Uniforms

These are the nine uniform polyhedra of the Klein quartic. They can be divided into the regulars (2), quasiregular (1), truncates (2), cantellate (1), omnitruncate (1) and the non-Wythoffians (2). All of these beside the non-Wythoffians have... say, Q₃ symmetry, of order 336. Sure, let's call it Q₃.

List

Regulars

• Quartic icositetrahedron (quart) — formally called the Klein map, has 24 heptagonal faces, with the Schläfli symbol {7,3}₈.
• Quartic pentecontahexahedron (klein) — formally called the dual Klein map, has 56 triangular faces, with the Schläfli symbol {3,7}₈. Has 19 diminishings, one of which is uniform.

Quasiregular

• Quartic pentecontahexicositetrahedron (kuq) — has 56 triangular and 24 heptagonal faces, being the rectification of either regular. Has three diminishings that behave like rotundae.

Truncates

These are the truncations of the regulars.

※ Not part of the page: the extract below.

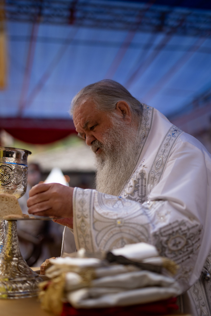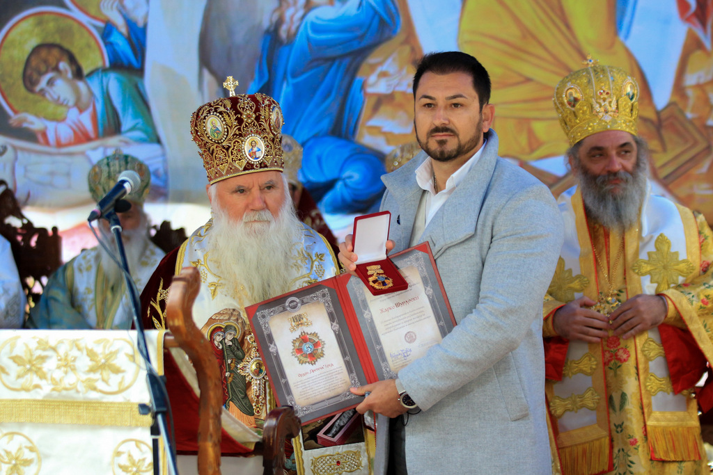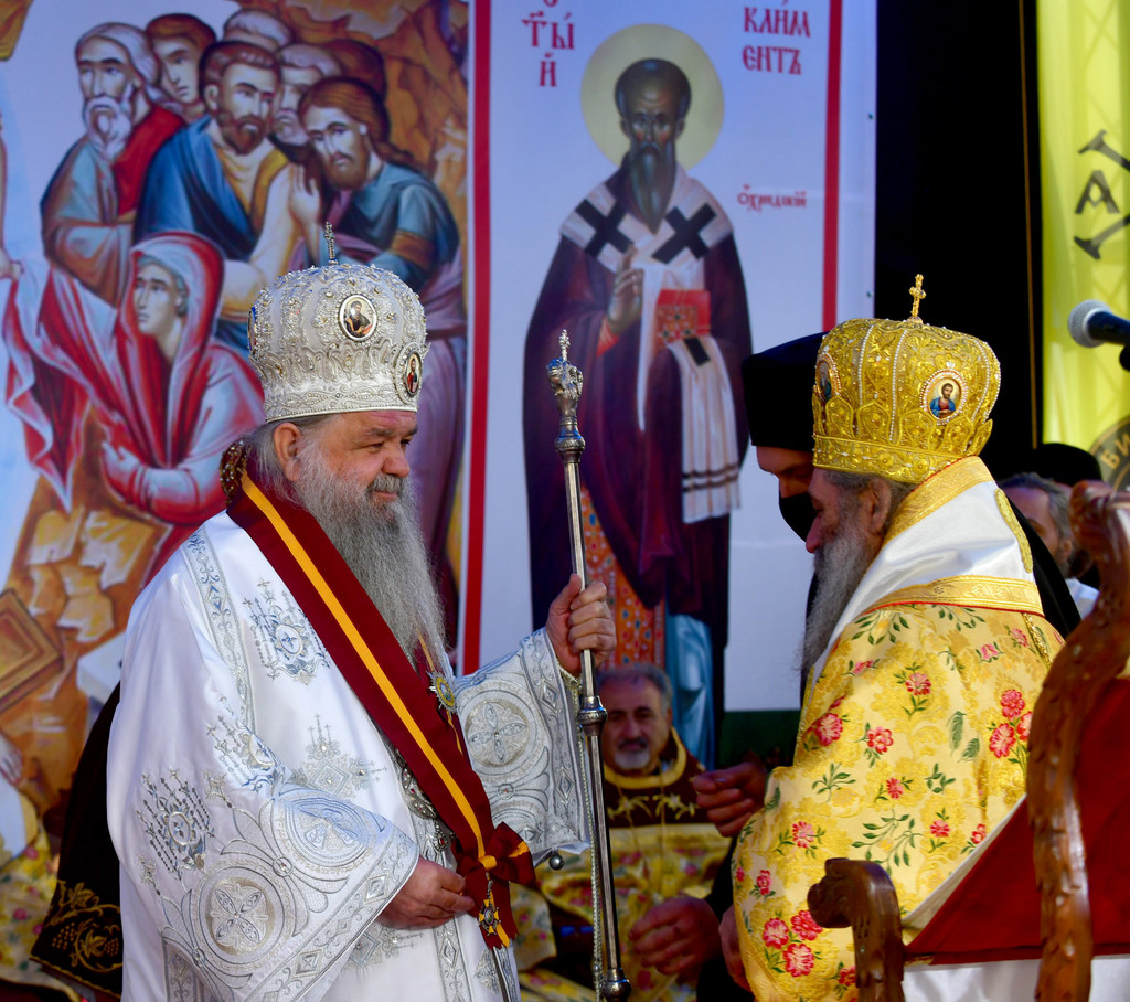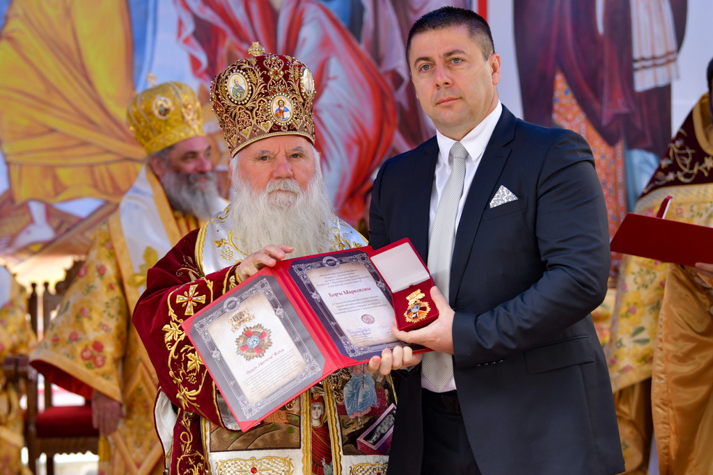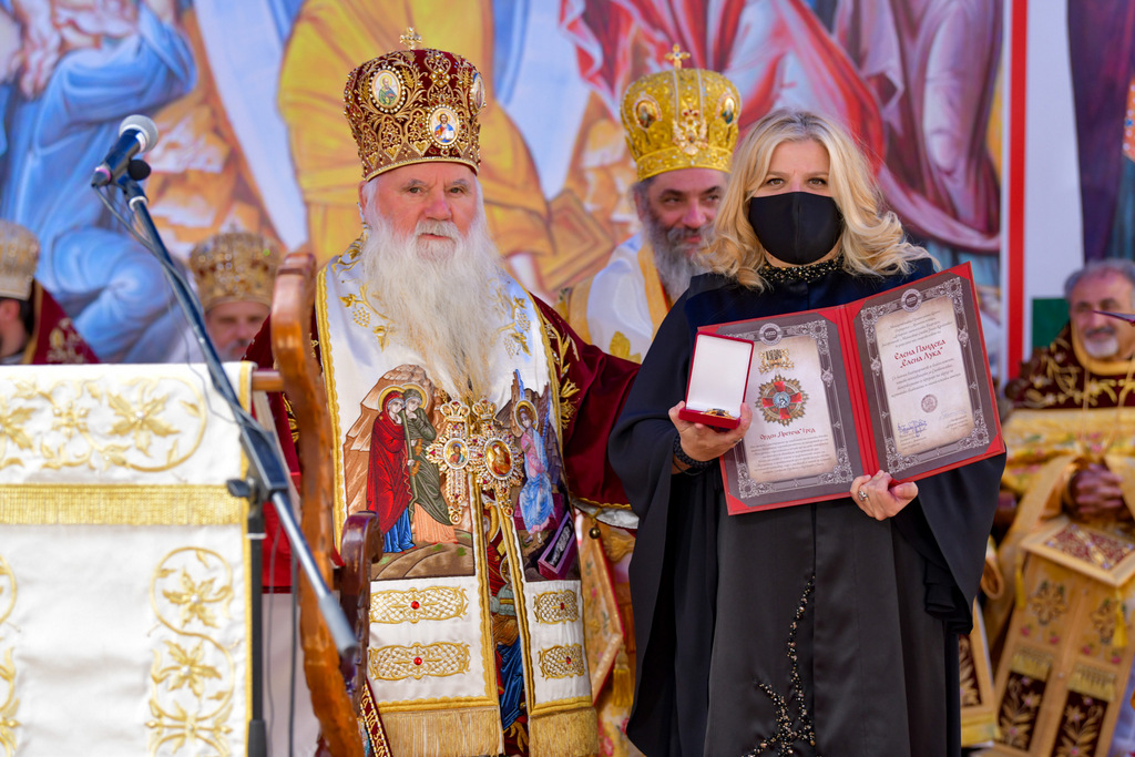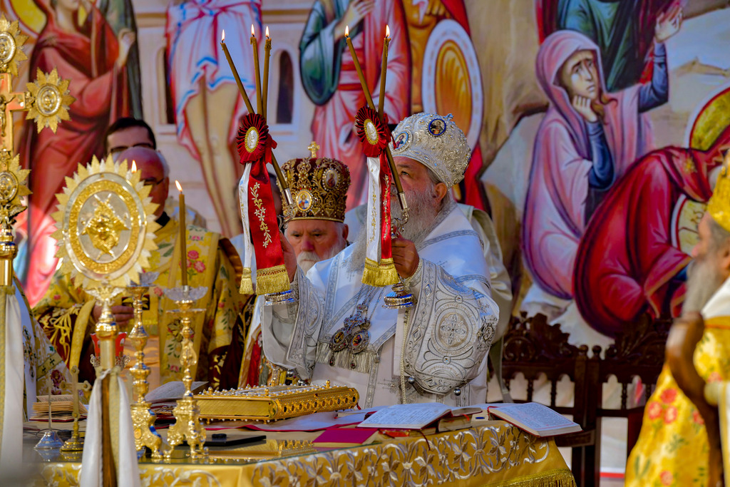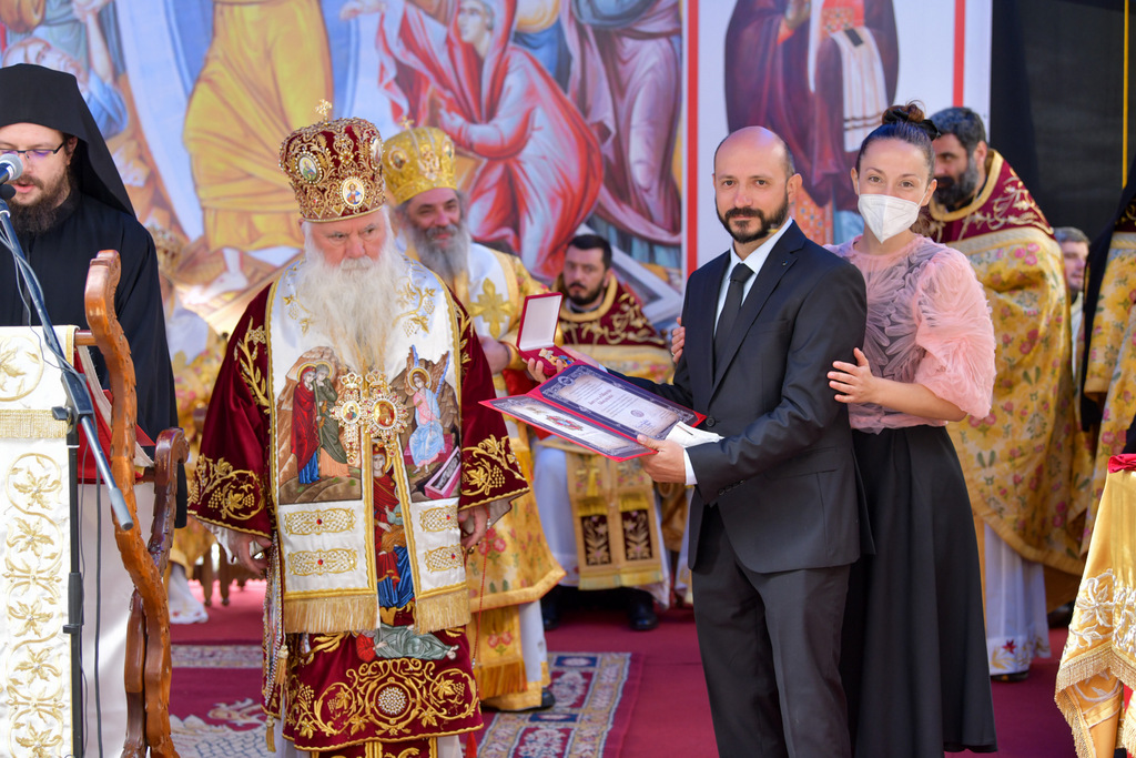 А како поинаку да се прослави ваков историски настан, освен со светата Евхаристија, на Христа најмилата Жртва. Токму затоа, на 18.10.2020 година, во Деветнаесеттата недела по Педесетница (во Неделата на св. отци од VII Вселенски собор), и на празникот на св. мч-ца. Харитина и на св. свешт-мч. Дионисиј Александриски, беше отслужена света архиерејска Литургија, на којашто чиноначалствуваше Неговото Блаженство Митрополитот Скопски и Архиепископ Охридски и Македонски и на Јустинијана Прва г.г. Стефан, во сослужение на Митрополитите Тимотеј, Петар, Иларион, Јосиф и Григориј, Епископите Климент, Јаков и Партениј, архимандритот Нектариј, протоереј-ставрофорите Никола Христоски, Никола Грамбозов, Илија Димитриевски, Димче Ѓорѓиески и Бојан Димков, игумените Фотиј и Агатон, протоерејот Васко Голабоски, еромонасите Доситеј и Макариј, свештениците Александар Матески и Александар Димоски, протоѓаконите Ратомир Гроздановски, Николче Ѓурѓиноски и Драган Ѓорѓиевски и ѓаконите Александар Димитријов и Драган Иванов. По завршувањето на Литургијата, Епископот Антаниски г. Партениј, игумен на Бигорската обител, му го додели највисокото милениумско одликување на свештената Бигорска обител - лента со ѕвезда и крст со ликот на чесниот Претеча на Архиепископот Охридски и Македонски г.г. Стефан, кој веднаш потоа имаше свое пригодно обраќање кон многубројниот верен народ. Истото подолу ви го пренесуваме во целост.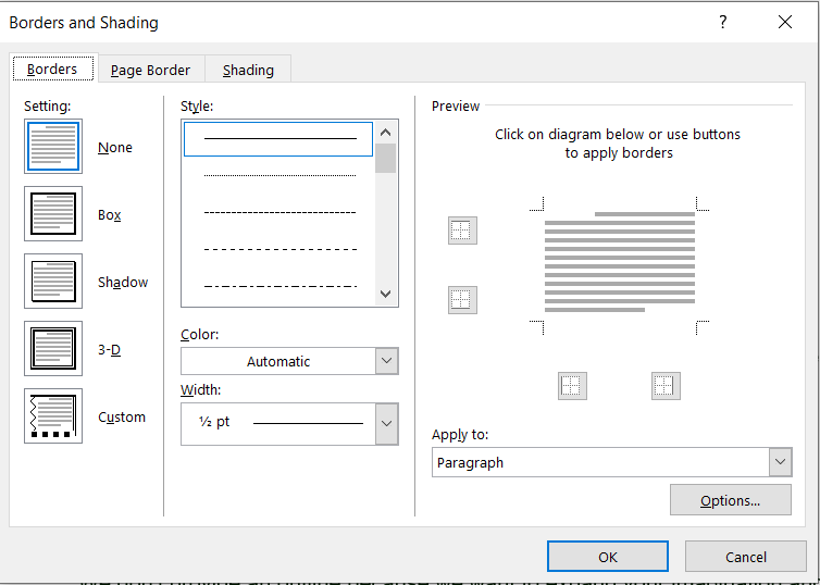 If you prefer to create a border manually, you can do it using the word formatting tools. Here are the steps to follow:

• Truncated quartic icositetrahedron (tiqua) — has 56 triangular and 24 heptagonal symmetry tetradecagonal faces.
• Truncated quartic pentecontahexahedron (tikle) — has 56 triangular symmetry hexagonal and 24 heptagonal faces.

Cantellate

• Small quartic rhombipentecontahexicositetrahedron (sirkuq) — has 56 triangular, 84 rectangular symmetry square and 24 heptagonal faces, being the cantellation of either regular. It is also the rectification of the quartic pentecontahexicositetrahedron, with it being made uniform. It has 158 diminishings and gyrations.

Omnitruncate

• Great quartic rhombipentecontahexicositetrahedron (girkuq) — has 56 triangular symmetry hexagonal, 84 rectangular symmetry square and 24 heptagonal symmetry tetradecagonal faces, being the omnitruncation of either regular. It is also the truncation of the quartic pentecontahexicositetrahedron, with it being made uniform..

Non-Wythoffian

These cannot be obtained by performing Wythoffian operations on the regulars. The first one is standard for any 3D symmetry, but the second is much more unique...

• Snub quartic pentecontahexicositetrahedron (sniq) — has 84 asymmetrical triangular, 56 chiral triangular and 24 chiral heptagonal faces, being the alternation of the omnitruncation of either regular. Has Q₃+ symmetry.
• Disantitridiminished quartic pentecontahexahedron (datiduk) — often simply called the tridiminished quartic pentecontahexahedron (tiduk), has 14 chiral triangular, 21 bilateral symmetry triangular and 3 heptagonal faces. As the name implies, it can be made from diminishing three opposite sets of vertices from the quartic pentecontahexahedron. As a result, it is kind of an analog to the pentagonal antiprism with the icosahedron. Has thrice-heptagonal symmetry of order 42. In the image, the heptagons are represented as a red group of triangles.